* [Task instructions]
Your response to the data below should hold nothing except the lines from the one containing "Three bedroom, three" down to the one containing "到達(dá)育才學(xué)", reproduced exactly and without pictures.

(Stored items)
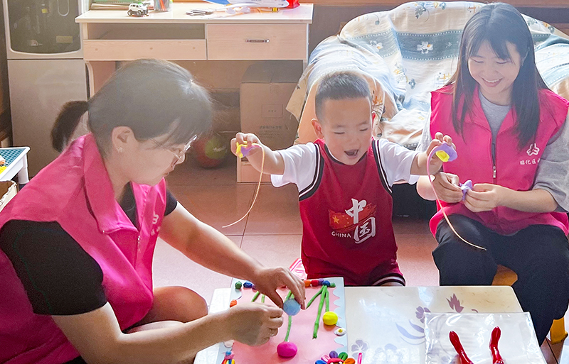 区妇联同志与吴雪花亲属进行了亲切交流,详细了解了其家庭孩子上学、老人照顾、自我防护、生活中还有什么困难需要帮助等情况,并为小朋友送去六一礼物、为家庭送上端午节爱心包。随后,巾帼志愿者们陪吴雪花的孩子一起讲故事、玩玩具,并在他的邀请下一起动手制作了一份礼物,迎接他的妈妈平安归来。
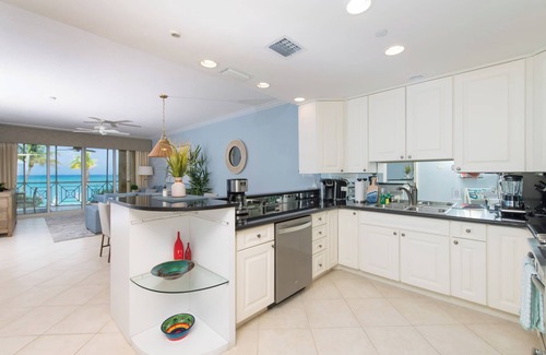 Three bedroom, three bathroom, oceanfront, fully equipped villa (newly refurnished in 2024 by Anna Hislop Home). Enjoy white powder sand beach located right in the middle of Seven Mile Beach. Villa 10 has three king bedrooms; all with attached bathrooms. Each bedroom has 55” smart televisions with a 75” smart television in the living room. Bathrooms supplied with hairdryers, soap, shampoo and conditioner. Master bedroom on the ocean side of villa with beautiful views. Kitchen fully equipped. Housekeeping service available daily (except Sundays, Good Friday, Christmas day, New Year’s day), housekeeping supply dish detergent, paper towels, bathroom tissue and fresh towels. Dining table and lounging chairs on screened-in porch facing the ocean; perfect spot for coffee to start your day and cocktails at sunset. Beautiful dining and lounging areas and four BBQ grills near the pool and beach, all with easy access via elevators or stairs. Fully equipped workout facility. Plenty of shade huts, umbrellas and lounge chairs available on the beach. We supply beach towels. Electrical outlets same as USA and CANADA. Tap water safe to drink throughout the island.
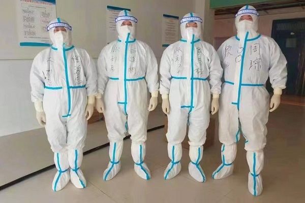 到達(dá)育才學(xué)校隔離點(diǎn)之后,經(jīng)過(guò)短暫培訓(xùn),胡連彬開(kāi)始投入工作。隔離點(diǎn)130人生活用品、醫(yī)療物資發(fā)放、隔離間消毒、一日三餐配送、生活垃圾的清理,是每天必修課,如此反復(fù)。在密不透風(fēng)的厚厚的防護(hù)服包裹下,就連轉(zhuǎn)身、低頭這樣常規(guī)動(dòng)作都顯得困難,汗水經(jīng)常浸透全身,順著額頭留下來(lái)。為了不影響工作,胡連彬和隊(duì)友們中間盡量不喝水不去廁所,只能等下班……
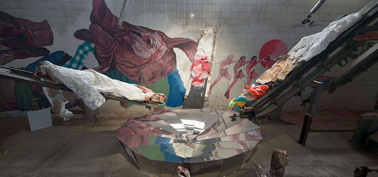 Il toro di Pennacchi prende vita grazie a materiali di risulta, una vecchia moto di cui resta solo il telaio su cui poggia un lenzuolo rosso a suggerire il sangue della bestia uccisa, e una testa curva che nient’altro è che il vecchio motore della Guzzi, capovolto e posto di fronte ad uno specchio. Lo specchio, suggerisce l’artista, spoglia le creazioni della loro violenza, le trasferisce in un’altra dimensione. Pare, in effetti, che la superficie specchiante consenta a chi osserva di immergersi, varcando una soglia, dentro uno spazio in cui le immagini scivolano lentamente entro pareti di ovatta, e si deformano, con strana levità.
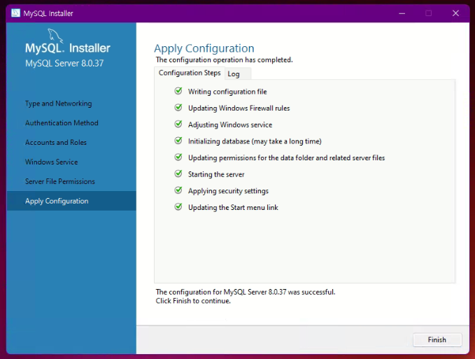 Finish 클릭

* [Answer to the problem]
 Three bedroom, three bathroom, oceanfront, fully equipped villa (newly refurnished in 2024 by Anna Hislop Home). Enjoy white powder sand beach located right in the middle of Seven Mile Beach. Villa 10 has three king bedrooms; all with attached bathrooms. Each bedroom has 55” smart televisions with a 75” smart television in the living room. Bathrooms supplied with hairdryers, soap, shampoo and conditioner. Master bedroom on the ocean side of villa with beautiful views. Kitchen fully equipped. Housekeeping service available daily (except Sundays, Good Friday, Christmas day, New Year’s day), housekeeping supply dish detergent, paper towels, bathroom tissue and fresh towels. Dining table and lounging chairs on screened-in porch facing the ocean; perfect spot for coffee to start your day and cocktails at sunset. Beautiful dining and lounging areas and four BBQ grills near the pool and beach, all with easy access via elevators or stairs. Fully equipped workout facility. Plenty of shade huts, umbrellas and lounge chairs available on the beach. We supply beach towels. Electrical outlets same as USA and CANADA. Tap water safe to drink throughout the island.
 到達(dá)育才學(xué)校隔離點(diǎn)之后,經(jīng)過(guò)短暫培訓(xùn),胡連彬開(kāi)始投入工作。隔離點(diǎn)130人生活用品、醫(yī)療物資發(fā)放、隔離間消毒、一日三餐配送、生活垃圾的清理,是每天必修課,如此反復(fù)。在密不透風(fēng)的厚厚的防護(hù)服包裹下,就連轉(zhuǎn)身、低頭這樣常規(guī)動(dòng)作都顯得困難,汗水經(jīng)常浸透全身,順著額頭留下來(lái)。為了不影響工作,胡連彬和隊(duì)友們中間盡量不喝水不去廁所,只能等下班……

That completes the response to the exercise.